3
votes

Alright, so this has been bugging me for a while now, and could not find anything on MSDN that goes into the specifics that I need.

This is more of a 3 part question, so here it goes:

1-) When creating the swapchain applications specify backbuffer pixel formats, and most often is either B8G8R8A8 or R8G8B8A8. This gives 8 bit per color channel so a total of 4 bytes is used per pixel....so why does the pixel shader has to return a color as a float4 when float4 is actually 16 bytes?

2-) When binding textures to the Pixel Shader my textures are DXGI_FORMAT_B8G8R8A8_UNORM format, but why does the sampler need a float4 per pixel to work?

3-) Am I missing something here? am I overthinking this or what?

Please provide links to to support your claim. Preferably from MSDN!!!!

1
The pixel shader returns single-precision float so that it can be output to any format backbuffer.Chuck Walbourn
Fancy seeing you here Chuck, big fan of DxTex and DxTK....back to my issue.... Single precision floats are still 4 bytes, so I don't see why SV_TARGET won't take a single float instead of 4 floats when the render target appropriately needs so. I can see it from the point of easier data manipulation but then this quadruples memory usage. My only explanation is to think that the OM stage truncates each float to 8-bits but then where is that at in the documentation?Miguel
Truncates isn't really the right word. There's only really three types that really matter in shaders, signed integer, unsigned integer and single precision floating point. Double precision floating point also exists but I've never seen it used outside of scientific simulation. On export from the pixel shader, the GPU will convert (not truncate) 32bit floating point to whatever format the render target was created as. This could be 8 bits per channel, 10, 11, 16 or 32 depending on the format. There's no memory increase in storage, the shader just runs calculations at higher precision.Adam Miles

1 Answers

7
votes

GPUs are designed to perform calculations on 32bit floating point data, at least if they want to support D3D11. As of D3D10 you can also perform 32bit signed and unsigned integer operations. There's no requirement or language support for types smaller than 4 bytes in HLSL, so there's no "byte/char" or "short" for 1 and 2 byte integers or lower precision floating point.

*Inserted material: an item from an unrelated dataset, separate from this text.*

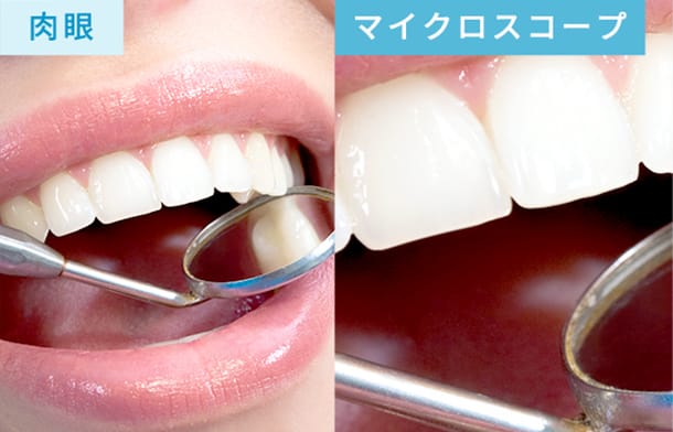 マイクロスコープ視野を拡大することで、より精密な治療が行えます。細かい歯根の治療や審美的治療に対して、特に力を発揮します。

Any DXGI formats that use the "FLOAT", "UNORM" or "SNORM" suffix are non-integer formats, while "UINT" and "SINT" are unsigned and signed integer. Any reads performed by the shader on the first three types will be provided to the shader as 32 bit floating point irrespective of whether the original format was 8 bit UNORM/SNORM or 10/11/16/32 bit floating point. Data in vertices is usually stored at a lower precision than full-fat 32bit floating point to save memory, but by the time it reaches the shader it has already been converted to 32bit float.

On output (to UAVs or Render Targets) the GPU compresses the "float" or "uint" data to whatever format the target was created at. If you try outputting float4(4.4, 5.5, 6.6, 10.1) to a target that is 8-bit normalised then it'll simply be truncated to (1.0,1.0,1.0,1.0) and only consume 4 bytes per pixel.

So to answer your questions:

1) Because shaders only operate on 32 bit types, but the GPU will compress/truncate your output as necessary to be stored in the resource you currently have bound according to its type. It would be madness to have special keywords and types for every format that the GPU supported.

2) The "sampler" doesn't "need a float4 per pixel to work". I think you're mixing your terminology. The declaration that the texture is a Texture2D<float4> is really just stating that this texture has four components and is of a format that is not an integer format. "float" doesn't necessarily mean the source data is 32 bit float (or actually even floating point) but merely that the data has a fractional component to it (eg 0.54, 1.32). Equally, declaring a texture as Texture2D<uint4> doesn't mean that the source data is 32 bit unsigned necessarily, but more that it contains four components of unsigned integer data. However, the data will be returned to you and converted to 32 bit float or 32 bit integer for use inside the shader.

3) You're missing the fact that the GPU decompresses textures / vertex data on reads and compresses it again on writes. The amount of storage used for your vertices/texture data is only as much as the format that you create the resource in, and has nothing to do with the fact that the shader is operating on 32 bit floats / integers.